KUALA LUMPUR, Nov 24 ― The Trans-Pacific Partnership (TPP) favours corporate interests over Internet users’ rights as it empowers Internet service providers (ISPs) to proactively remove online content deemed as copyrighted material, a lawmaker claimed today.
Kuala Krai MP Dr Mohd Hatta Ramli from Amanah also noted that according to the controversial free trade treaty, ISPs are not liable if they wrongly take down content that does not infringe copyright law.
“This would mean that providers could take down Internet content without any sort of repercussions, allowing for potentially widespread internet censorship,” Hatta said in a statement at the Parliament lobby here.
“The TPP has rewritten the rules of the Internet, its provisions negotiated behind closed doors, and completely to the advantage of corporations,” the opposition MP added.

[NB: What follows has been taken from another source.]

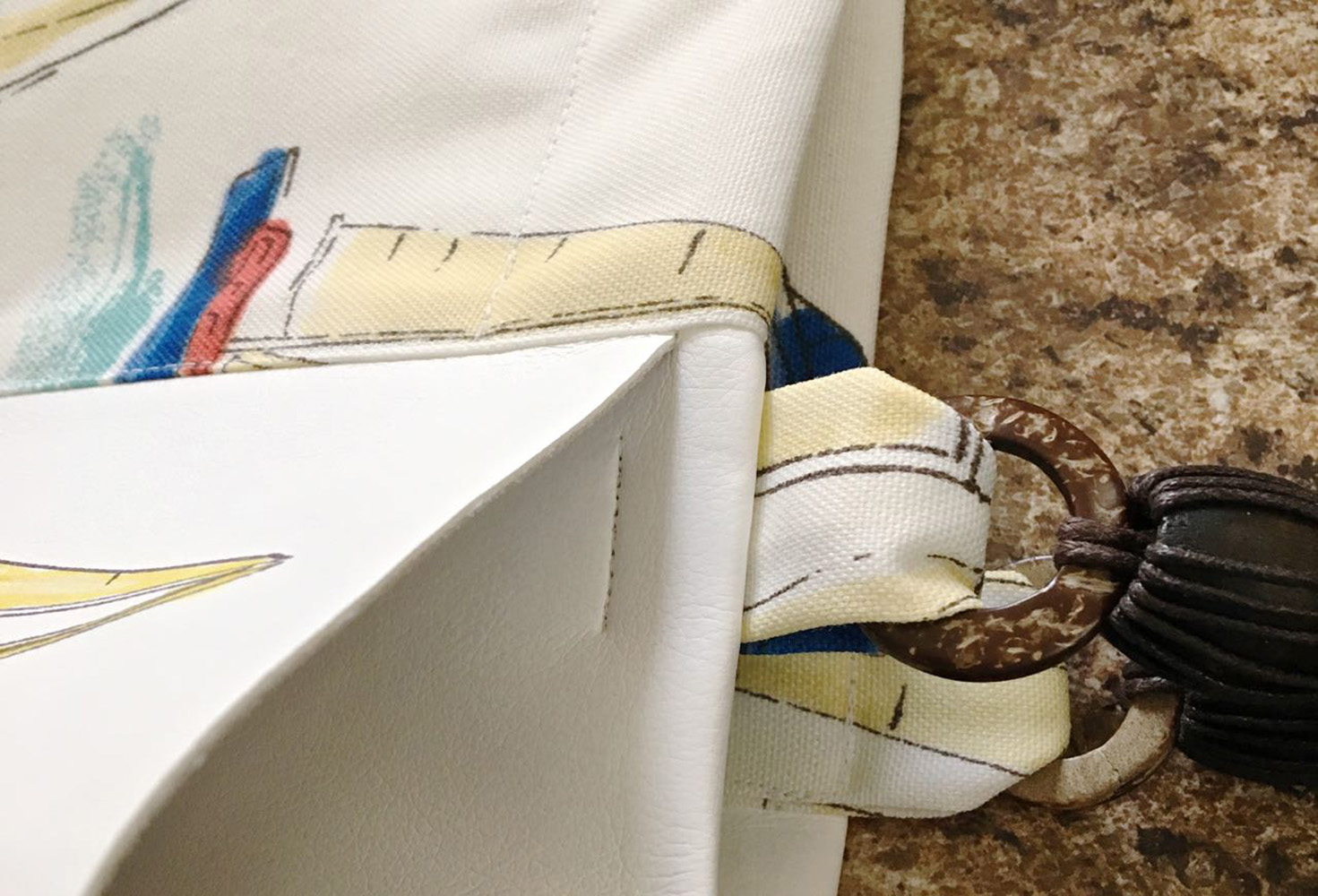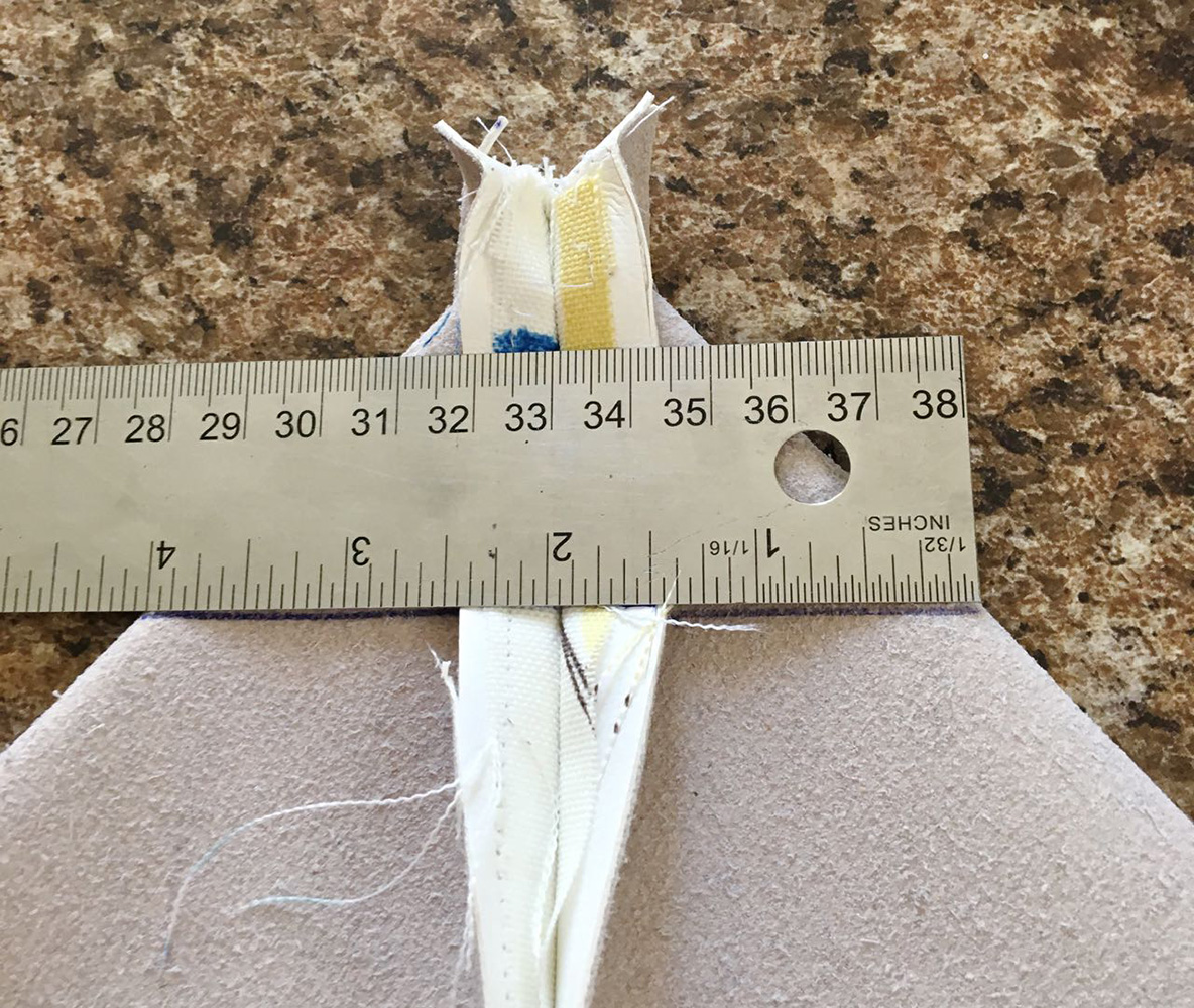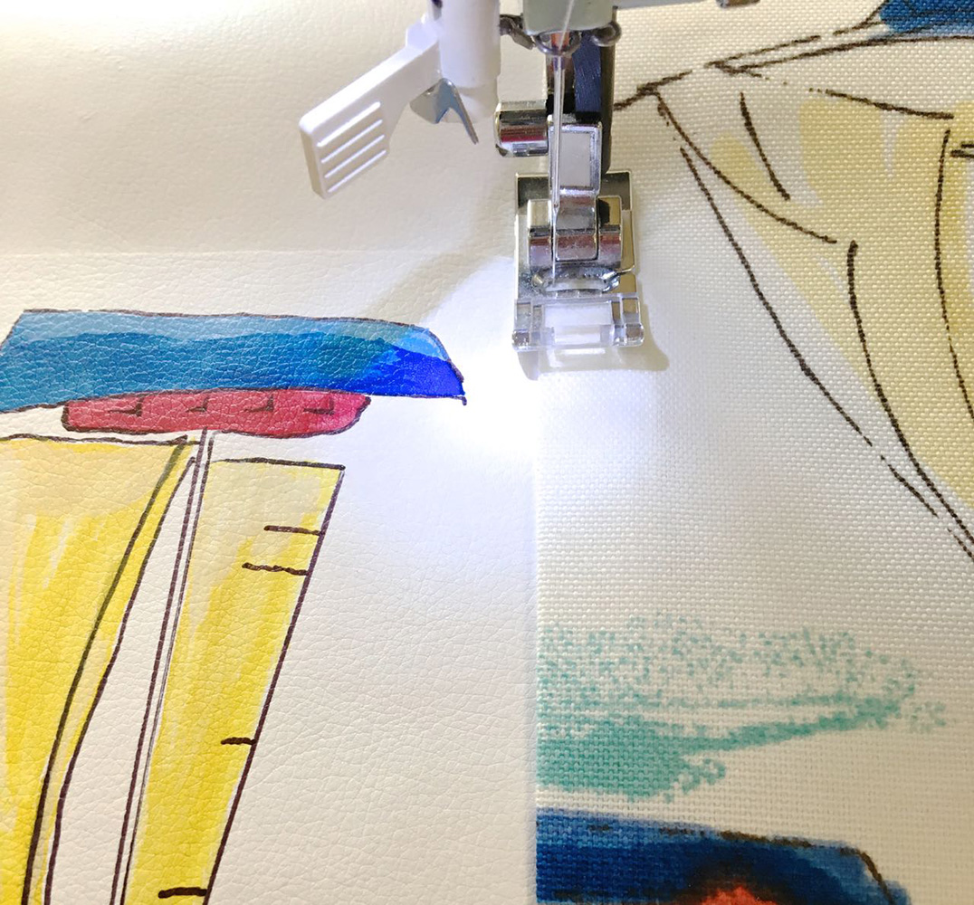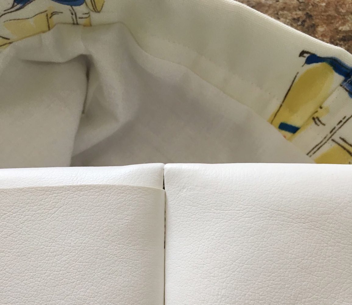 - Secure the vinyl facing by sewing vertically over the side seam. Also hide a line of stitching inside the top of the pocket over the strap area.

He said ISPs will play the role of “internet police”, according to the TPP’s Chapter 18, Article 18.82.
“Here’s how: the TPPA provision requires Malaysia to provide legal incentives for ISPs to expeditiously remove content deemed as copyrighted material.
“Under current Malaysian copyright law, ISPs are not required to remove or disable access to the infringing material unless they receive notification from copyright owners,” the opposition MP said, citing Section 43E of the Copyright (Amendment) Act 2012.
The lawmaker also noted that the TPP extends the duration of copyright protection from the current 50 years after the creator’s death, based on Malaysian law, to 70 years.
“The provision would prevent creators and artists from accessing, remixing, or recreating existing material for an unnecessarily long period of time. This only benefits large American entertainment companies who will receive a windfall in royalties from consumers for an additional 20 years,” he added.
The TPP, a free trade treaty involving a dozen Pacific nations including Malaysia, is expected to be tabled in Parliament in January for a debate.